Quali altri progetti sono in vista?
«In Senato accademico ho prospettato un itinerario, al quale il Rettore e il presidente Drago hanno dato il proprio consenso, che vede l’indizione di una facoltà “formale” alla quale potrà partecipare il Consorzio stesso e a cui stiamo lavorando perché si realizzi entro la fine del mese, da cui potrà scaturire un gruppo di lavoro tecnico che riveda alcuni punti della convenzione in base agli accordi presi recentemente».
Prima del suo incontro con il presidente Drago, nell’occhio del ciclone c’era anche la questione dell’autonomia rispetto al Consorzio. Come si è evoluta la situazione? Si parla ancora di “invasione di campo”?
«Per quel che riguarda l’autonomia, è necessario scindere due fattori: la sede e la didattica. Si deve fare un chiarimento sulla sede: Catania o Ragusa? Noi riteniamo che si possa, ad oggi, parlare di sede catanese con corsi di laurea a Ragusa con uguale dignità. Questo, però, non è mai stato un problema per noi. Diverso invece è il ragionamento da fare sui corsi, dove si accetteranno suggerimenti da parte del Consorzio. La nuova offerta formativa vorremmo che nascesse da un accordo con il Consorzio e da una interpretazione quanto più mirata delle vocazioni professionali e territoriali di Ragusa».
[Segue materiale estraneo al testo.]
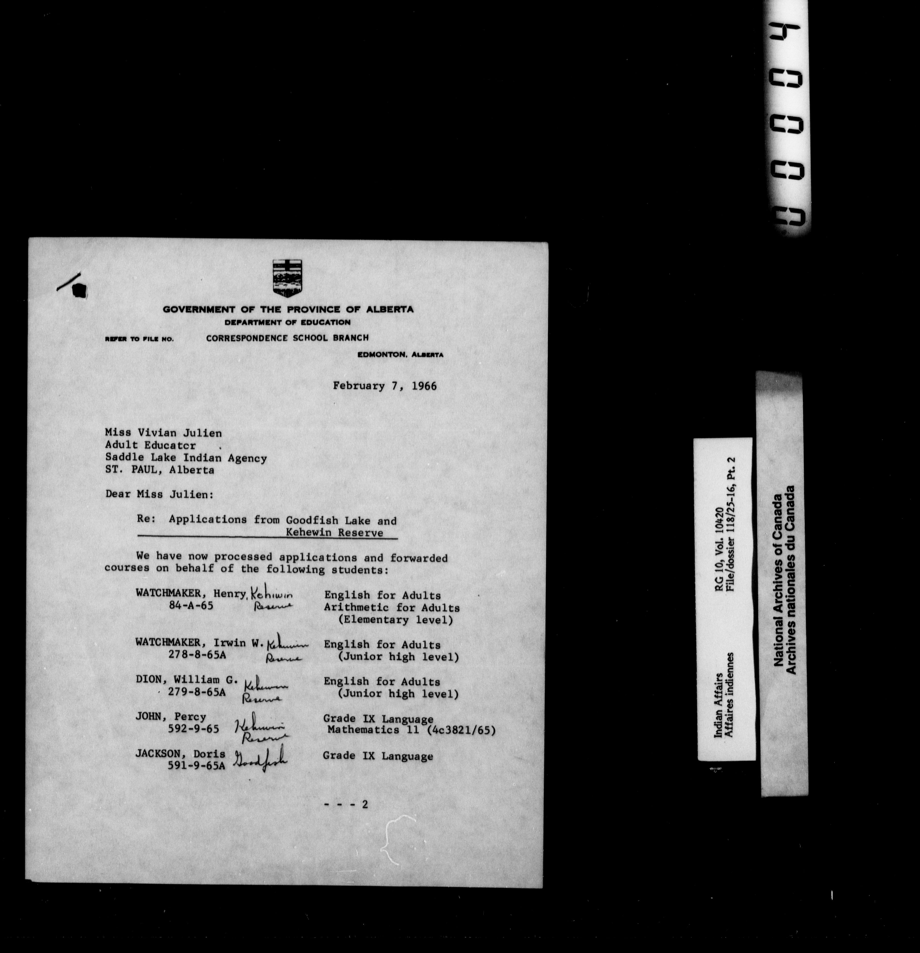 Department of Indian Affairs : Saddle Lake Agency : T-10074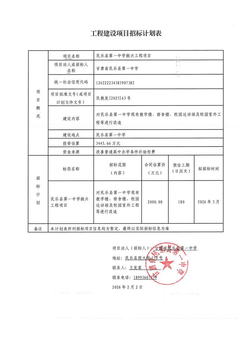 | 招标项目名称 | 民乐县第一中学振兴工程项目 | ||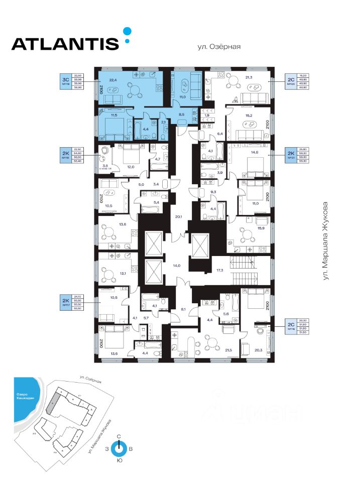 ЖК Атлантис, Секция 1. 14-й этаж 32- этажного жилого дома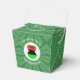 Take out favour box with an angel wearing the flag of the African Diaspora for holiday party decorating or Christmas decor. The African American Flag Christmas angel is found inside a white, fractal circle of squiggly squares. The background is a green fractal squiggly squares. Add your own text or personalise with a name and the year.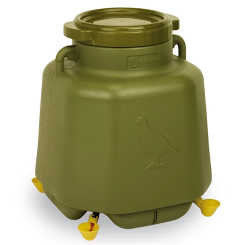 Die Outdoor Feldtränke verfügt über ein Fassungsvermögen von 40 Litern und eignet sich für die Wasserversorgung von Hühnern, Rebhühnern, Fasanen sowie anderen Vögeln und Kleintieren. Die Tränke sollte erhöht positioniert werden, um eine einfache Zugänglichkeit für mehrere Tiere zu gewährleisten.
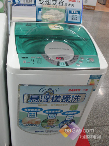 三洋这款XQB50-576洗衣机在外观设计方面,保持了该系列产品的款式,白色的主体机身,绿色的透明上盖,提供水位与洗涤、漂洗、脱水等时间可独立显示。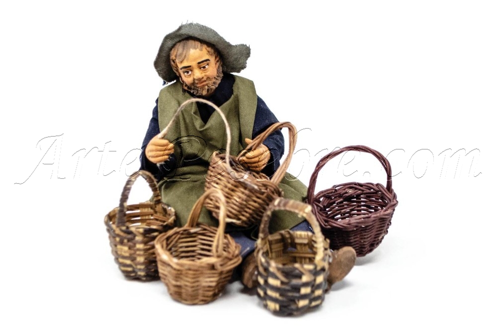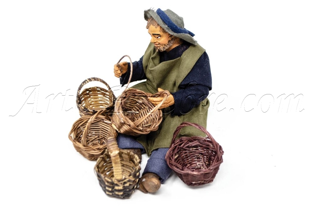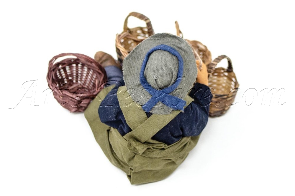 Descripción: Canastero. Figura de barro vestida con tejidos de alta calidad. Rostros extremadamente refinados y gran atención al detalle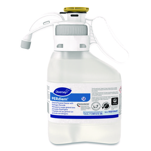 Product Details** Global Product Type Disinfectants/Cleaners Physical Form Liquid Scent Fragrance-Free Volume Capacity 1.4 L Product Packaging SmartDose™ Application Disinfectant/Cleaner Applicable Material Ceramics,Enamel,Fiberglass,Finished/Sealed Wood,Glass,Grout,Laminates,Metal,Plastic,Sealed/Engineered Stone,Vinyl Chemical Compound Hydrogen Peroxide Dirt Types Bacteria,Dust,Germs,Grease,Grime,Mildew,Mold,Oil-Based Soil,Water-Based Soil Product Biodegradability Indicator N Product Biodegradability in Days 0 Product Compostability Indicator N Package Includes Includes two bottles of cleaner Pre-Consumer Recycled Content Percent 0% Post-Consumer Recycled Content Percent 0% Total Recycled Content Percent 0% Country Of Origin US Carton Weight 9 lbs. Carton Pack Quantity 2 EA Pack Quantity 0 UPC 807174526608 UNSPSC 47131805 Shipping Weight & Item Dimensions Weight 8.091 lbs. Length 11.75 in Height 8.19 in Width 8.56 in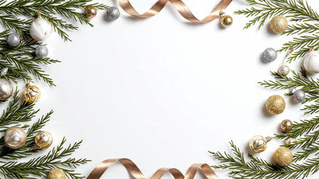 A clean holiday composition with lush pine needles and metallic ribbons arranged around a blank, glowing white space.
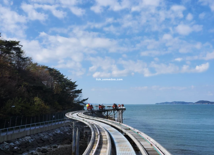 스카이바이크 탑승장에 도착하니 바다 위로 길게 뻗은 철로가 먼저 눈에 들어온 충남 가볼만한곳 베스트10 여행지 입니다. 출발하자마자 발밑으로 펼쳐진 푸른 바다가 시원하게 다가왔습니다.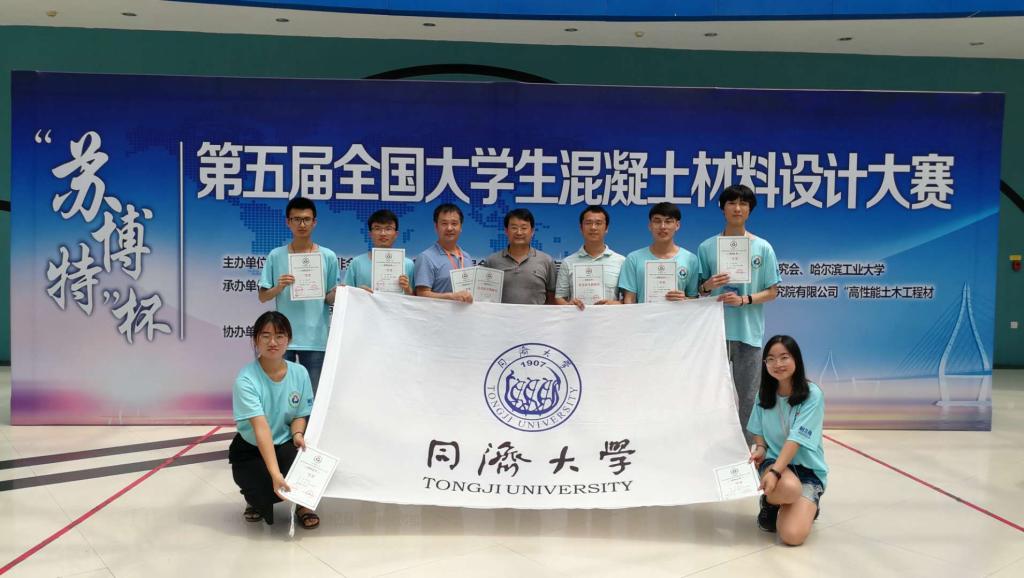 参赛。经过两个多月的紧张备赛,两支队伍在比赛中稳定发挥,在实践操作环节两支队伍设计的混凝土配合比均只经过一次拌和便达到了大赛规定的各项要求。最终由刘广、李祖悦、王将组成的同济一队获得团体一等奖,赵朋成、李磊、钱潘悦组成的同济二队获得团体二等奖。佘安明老师和朱洪波老师荣获优秀指导教师奖。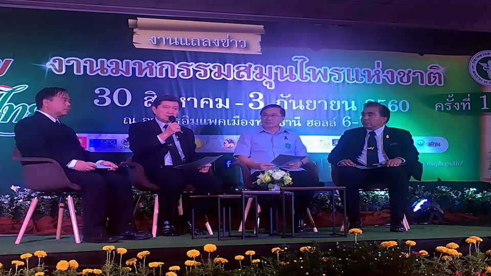 นพ.ปิยะสกล สกลสัตยาทร รัฐมนตรีว่าการกระทรวงสาธารณสุข พร้อมด้วย นพ.จรัญ บุญฤทธิการ ผู้อำนวยการโรงพยาบาลเจ้าพระยาอภัยภูเบศร และ นพ.นพพร ชื่นกลิ่น ผู้อำนวยการองค์การเภสัชกรรม กล่าวถึง การจัดงานมหกรรมสมุนไพรไทย แห่งชาติ ครั้งที่ 14 ระหว่างวันที่ 30 สิงหาคม – 3 กันยายน 2560 ที่ฮอลล์ 6-8 อิมแพคเมืองทองธานี ว่า การจัดงานมหกรรมสมุนไพรไทยครั้งนี้ เพื่อเชิดชูสมุนไพรไทย และนวัตกรรมไทย ที่แปลกใหม่และมุ่งหวังให้ประชาชนเกิดการเรียนรู้ใช้ผลิตภัณฑ์สมุนไพรไทย กระตุ้นการใช้ยาไทย ส่งเสริมผลิตภัณฑ์สมุนไพร และยาไทย ให้แเพร่หลายมากขึ้น ซึ่งสามารถนำไปต่อยอดได้ อย่างไรก็ตามตั้งเป้าให้มีคนมาเที่ยวชมงาน 5 แสนคนขึ้นไป
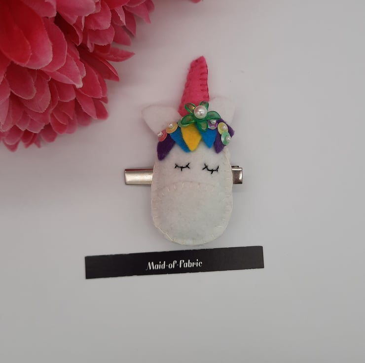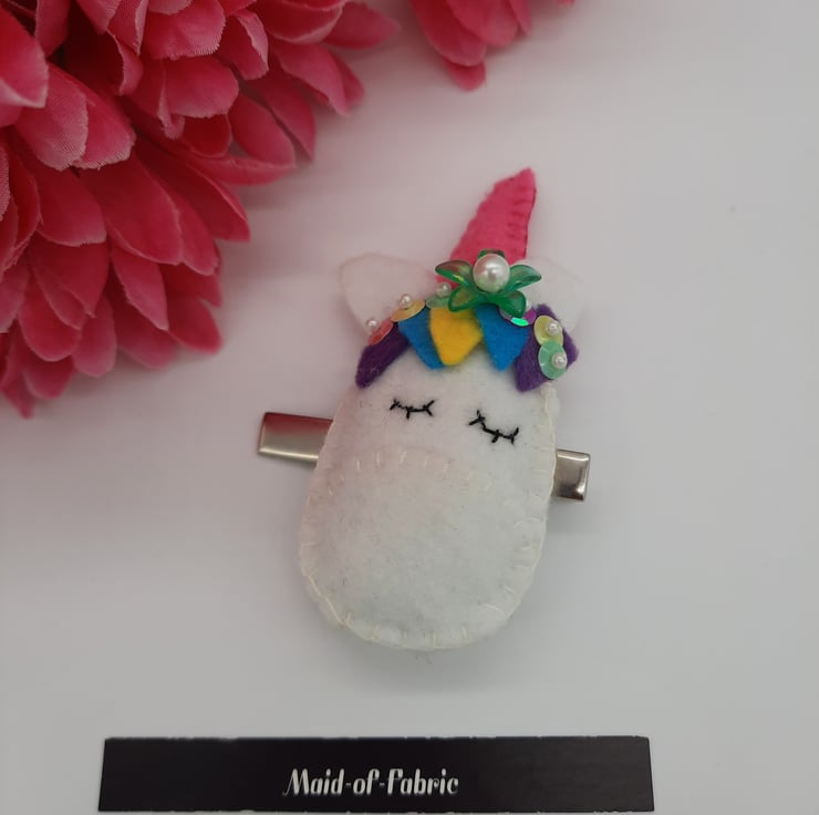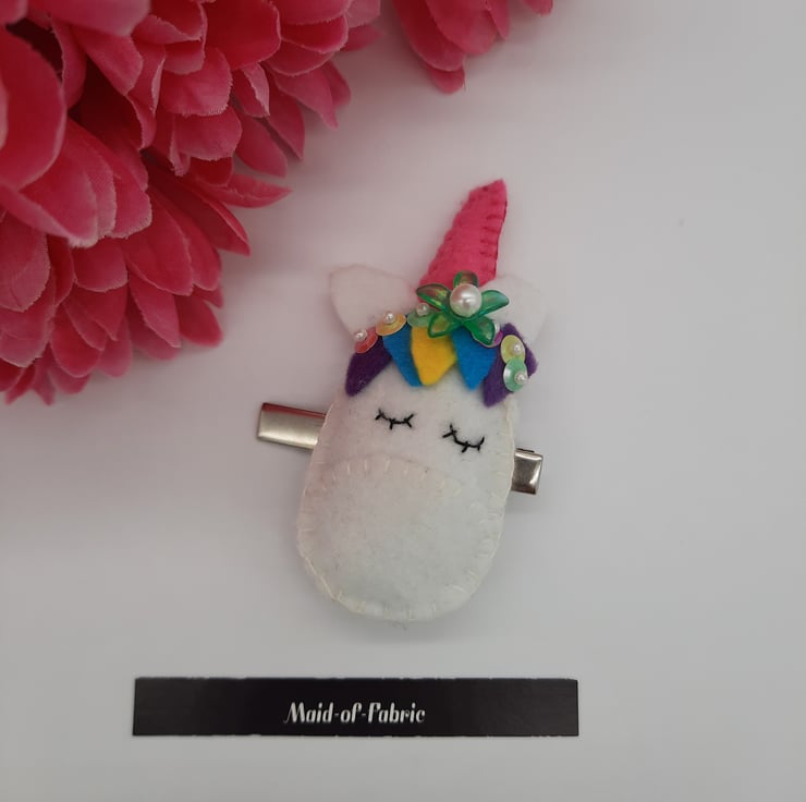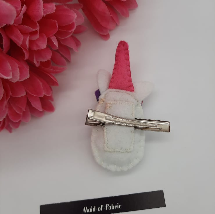 The unicorn measures 4" x 2" and is attached to a silver 2" hair slide clip.

Ci sarà un ridimensionamento per quanto riguarda il corpo docente?
«La situazione della docenza e dell’impiego, in generale, a Ragusa è da sempre stata problematica. Riguardo all’utilizzo del personale all’interno della struttura, abbiamo bisogno di certezze sia sul piano strutturale sia sul piano della maturazione scientifica e della ricerca. Se la situazione dovesse rimanere invariata allo stato attuale – anche a livello nazionale – e il Consorzio non provvedesse alla crescita dei costi, dovremo operare dei tagli».
Vi era anche il desiderio da parte del Consorzio di indirizzare l’incasso delle tasse d’iscrizione degli studenti direttamente alla sede di Ragusa Ibla, anziché continuare a versarle all’ateneo di Catania. Lei cosa ne pensa?
«Da parte nostra c’è tutta la disponibilità a trasferire questi fondi, che potrebbero anzi migliorare la situazione attuale. Queste risorse però non andrebbero in ogni caso alla facoltà ma sempre all’ateneo».
Infine – guardando il panorama nazionale – se questi tagli all’università verranno attuati, cosa succederà alla facoltà di Lingue?
«Si deve chiamare a raccolta tutti, mobilitare tutti. Il Rettore ha già dato un segnale decidendo, in accordo con il Senato accademico, di non fare la cerimonia d’inaugurazione dell’anno accademico e promuovendo una giornata di dibattito (il 5 novembre, ndr). Se saranno fatti questi tagli, e noi come Facoltà abbiamo indetto una giornata di mobilitazione per il 24 ottobre, si assisterà alla scomparsa di corsi di laurea a Ragusa. Stessa sorte toccherebbe a Catania. Si avrebbe quindi un corso di laurea triennale di 1° livello e un corso biennale di 2° livello a Ragusa. A rimanere aperto, a Catania, sarebbe il corso di Lingue e culture europee e la relativa specialistica. In ogni caso, è in atto una volontà di creare un corso di laurea interfacoltà basato sulla comunicazione e sul turismo tra le facoltà di Lettere, Economia e commercio, Scienze della formazione e Lingue».